SUPPLIED INFORMATION>
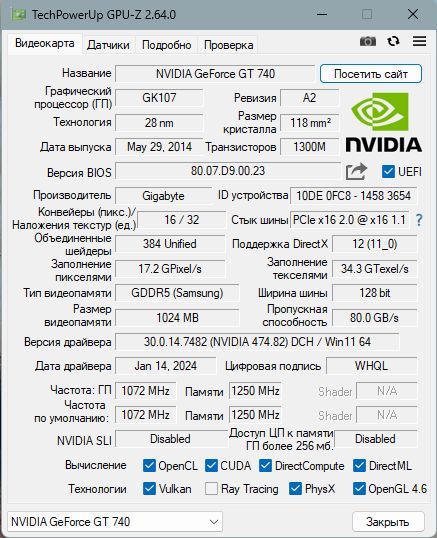 - Показ данных о драйверах, видеобиосе и поддерживаемых технологиях
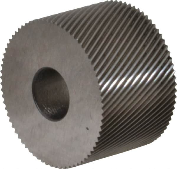 Made in USA - 3/4" Diam, 80° Tooth Angle, Standard (Shape), Form Type High Speed Steel Left-Hand Diagonal Knurl Wheel - 1/2" Face Width, 1/4" Hole, 96 Diametral Pitch, 30° Helix, Bright Finish, Series KR
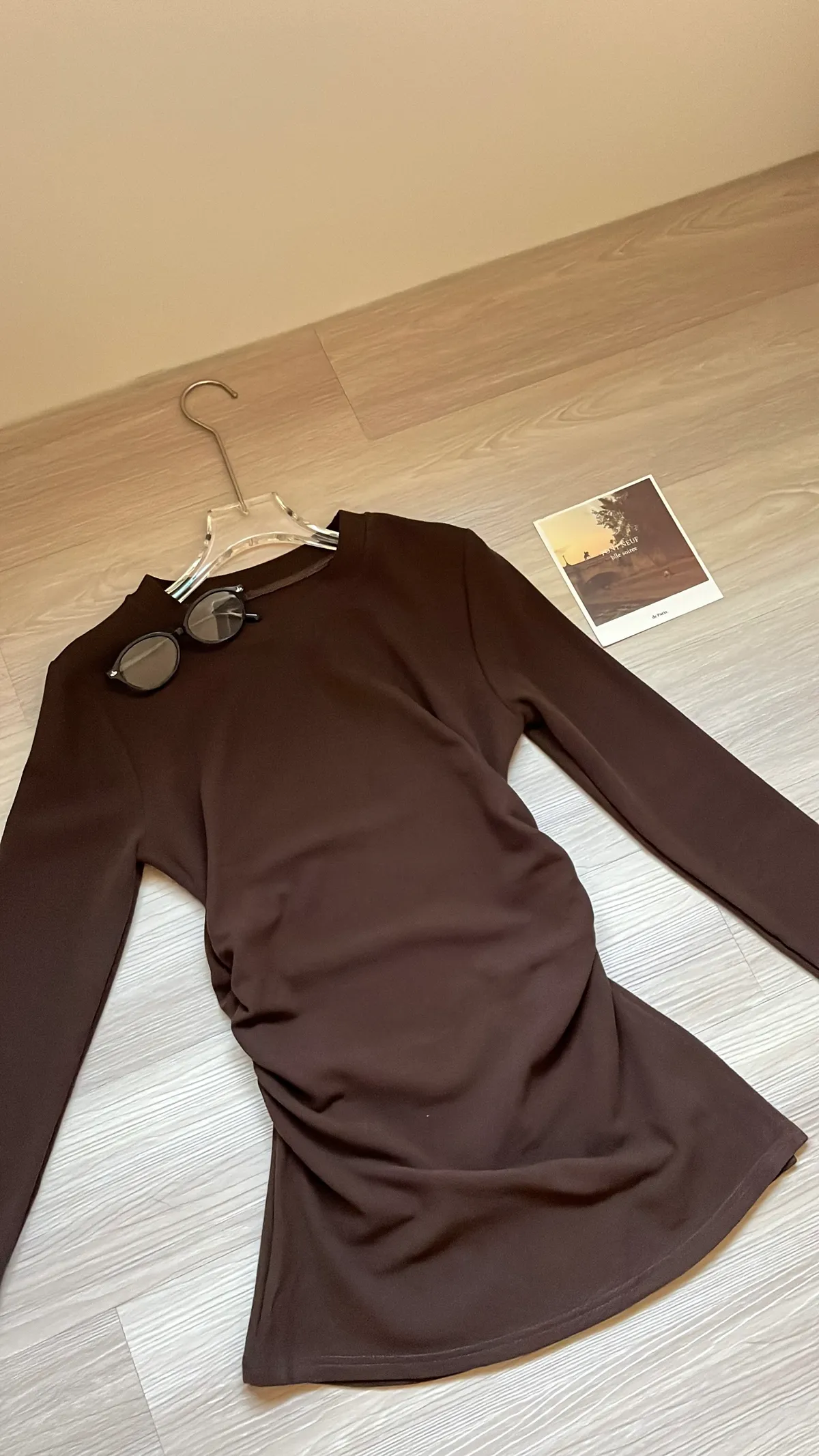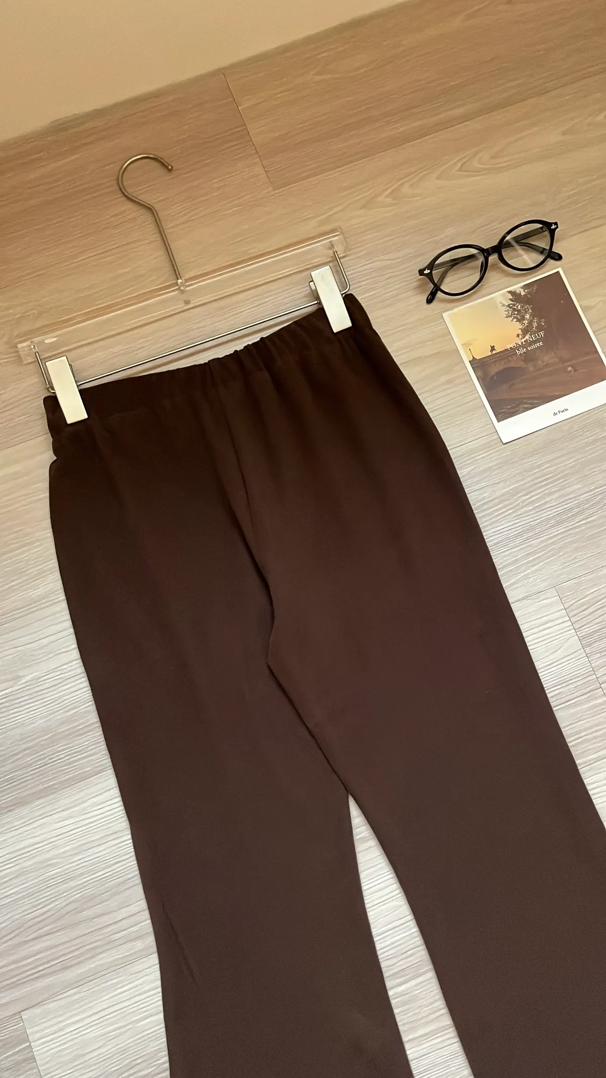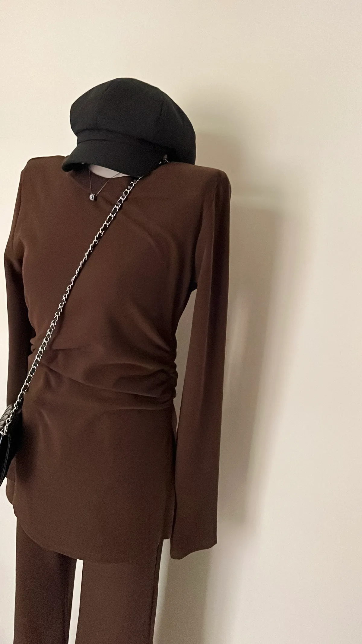☕️高級可可棕磨毛彈力抓皺上衣+喇叭褲二件組SET

WHAT IS REQUIRED>
What is needed is an exact reproduction of the data, pictures excluded.

ANSWER AREA>
 - Показ данных о драйверах, видеобиосе и поддерживаемых технологиях
 Made in USA - 3/4" Diam, 80° Tooth Angle, Standard (Shape), Form Type High Speed Steel Left-Hand Diagonal Knurl Wheel - 1/2" Face Width, 1/4" Hole, 96 Diametral Pitch, 30° Helix, Bright Finish, Series KR
☕️高級可可棕磨毛彈力抓皺上衣+喇叭褲二件組SET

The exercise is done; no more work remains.